Assessment of the correctness of OpenRoads network

OpenRoads network is not 100 % optimal input for morphometric analysis. This notebooks tests, whether transportation-related geometry (e.g. roundabouts) causes significant disruptions or not.

Morphometric assessment is trying to reflect the morphological structure of selected places. However, street networks often contain geometry of transport planning origin, like roundabouts, complex junctions or dual carriageways. OpenRoads network, which is used within this Urban Grammar project, is relatively clean and does include an only minimal amount of these geometries. However, there are some. Therefore, we have to first check whether we need to preprocess further and consolidate the network. In other words, we are trying to understand if the effect of sub-optimal geometry is significant or not.

We compare results of a selection of network-based characters measured on the OpenRoads network which is preprocessed only topologically and one the series of consolidated networks. We test a range of values for each parameter.

We first test the batch of different parameter options on the case of Liverpool (10km buffer around the centre) and then single (mid) settings on 112 UK towns and cities.

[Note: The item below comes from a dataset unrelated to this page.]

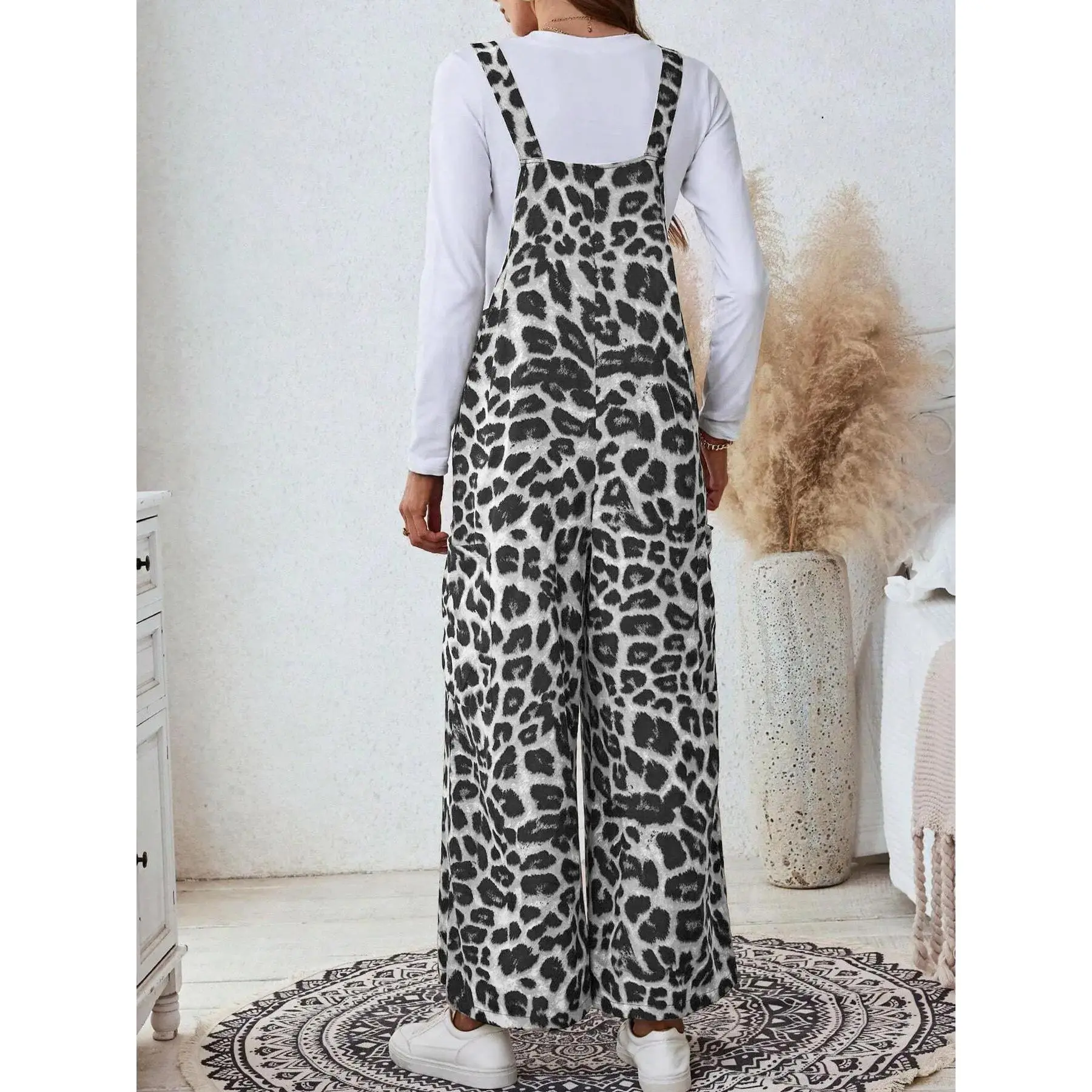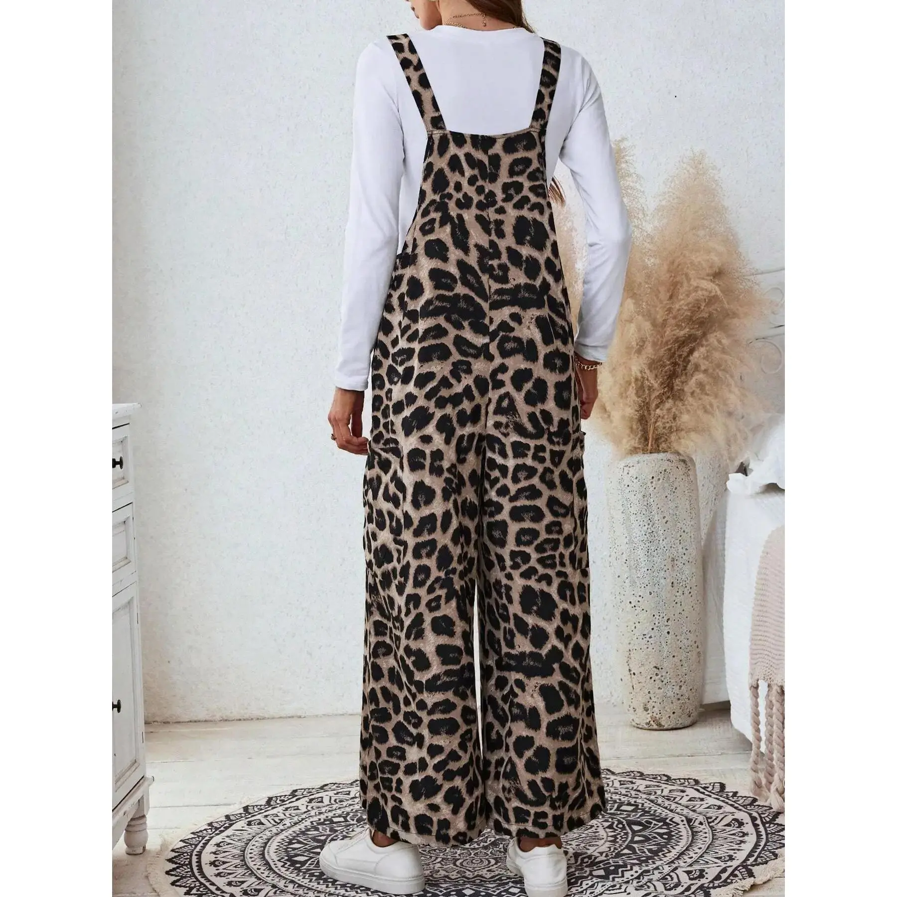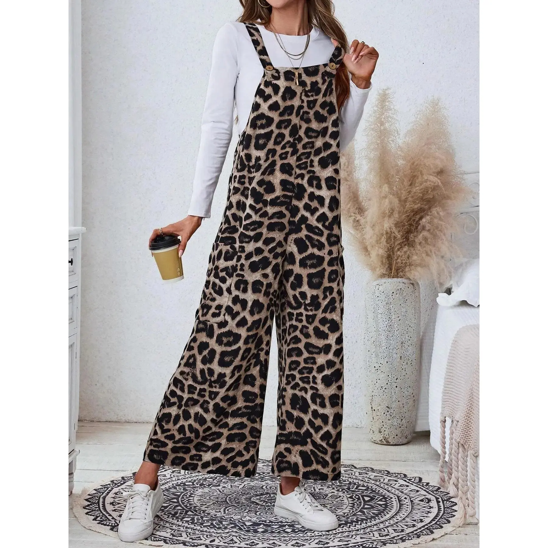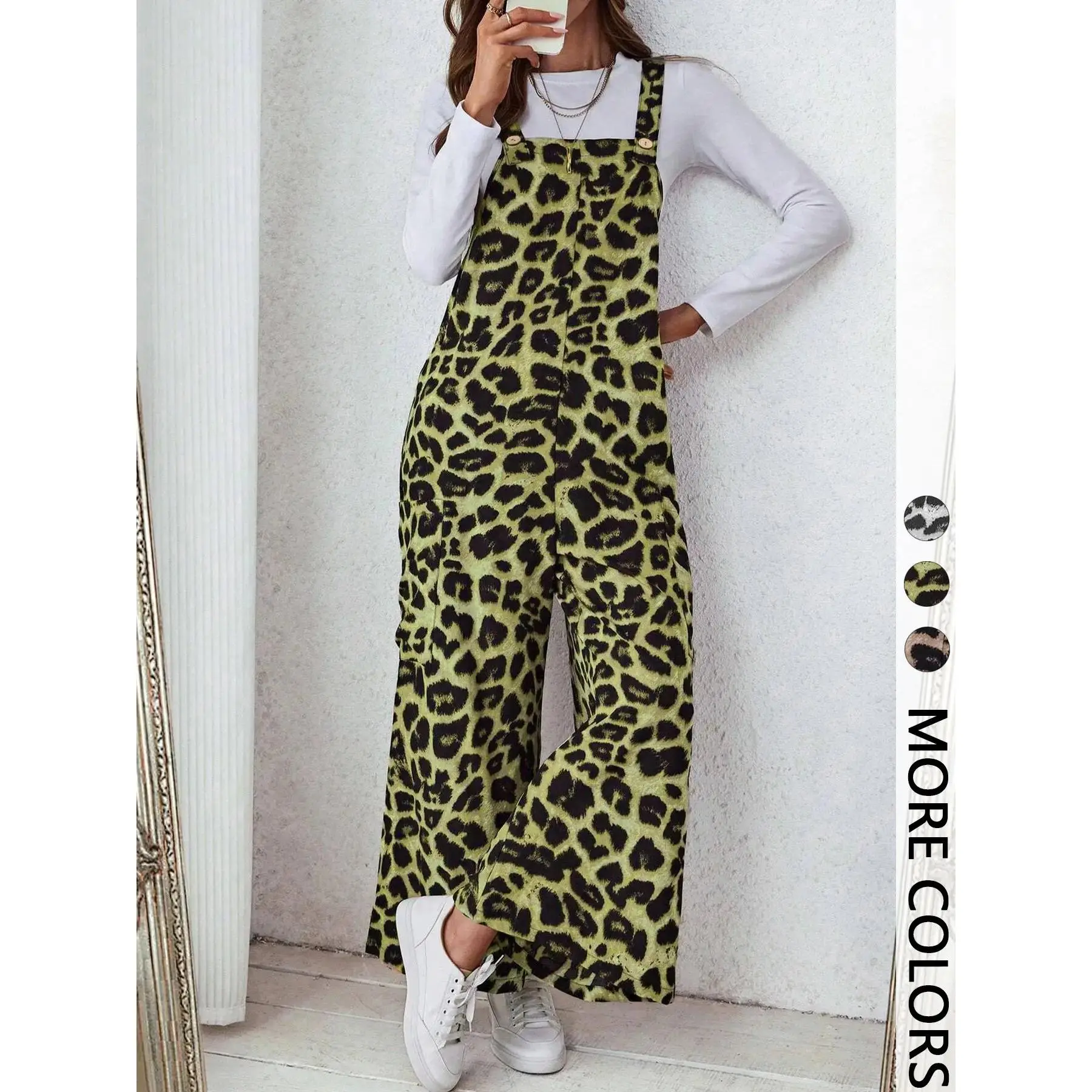 Women's Casual Leopard Print Loose Jumpsuit, Woven Fabric, Moderate Thickness, All Seasons Wear, Fitted Style, Pocket Design, Casual Fashion Jumpsuit

If we find that the results are significantly different between non-consolidated and consolidated options, we will fix the network before doing further analysis. If not, we will use OpenRoads network as we have it now. The deviation is considered significant if the values are more than 5% different.

import os

import geopandas as gpd
import pandas as pd
import numpy as np
import momepy as mm
import networkx as nx

from sqlalchemy import create_engine

from consolidate import consolidate, roundabouts, topology

Note that consolidate is a custom python file containing definitions of required functions. Even though these were originally written for this project, in future they will likely be included in the existing Python ecosystem:

  • topology will be included in momepy 0.4 as remove_false_nodes

  • consolidate and roundabouts will eventually land in OSMnx

user = os.environ.get('DB_USER')
pwd = os.environ.get('DB_PWD')
host = os.environ.get('DB_HOST')
port = os.environ.get('DB_PORT')

url = f"postgres+psycopg2://{user}:{pwd}@{host}:{port}/built_env"
engine = create_engine(url)
x, y = 334289.32, 390468.43  # coordinates in epsg 27700
buffer = 10000  # radius in [m]

sql = f'SELECT * FROM openroads_200803 WHERE ST_DWithin(geometry, ST_SetSRID(ST_Point({x}, {y}), 27700), {buffer})'

df = gpd.read_postgis(sql, engine, geom_col='geometry')
df.plot('formOfWay', figsize=(12, 12), legend=True)
<AxesSubplot:>
../_images/Network_Consolidation_Test_5_1.png

Topology check

Check and fix topology of the network (removal of potential nodes of degree 2).

topo = topology(df)
df.shape[0] - topo.shape[0]
1677

As we can see, the original data contain 1677 more features than topologically corrected. That indicates the overall need of topological preprocessing.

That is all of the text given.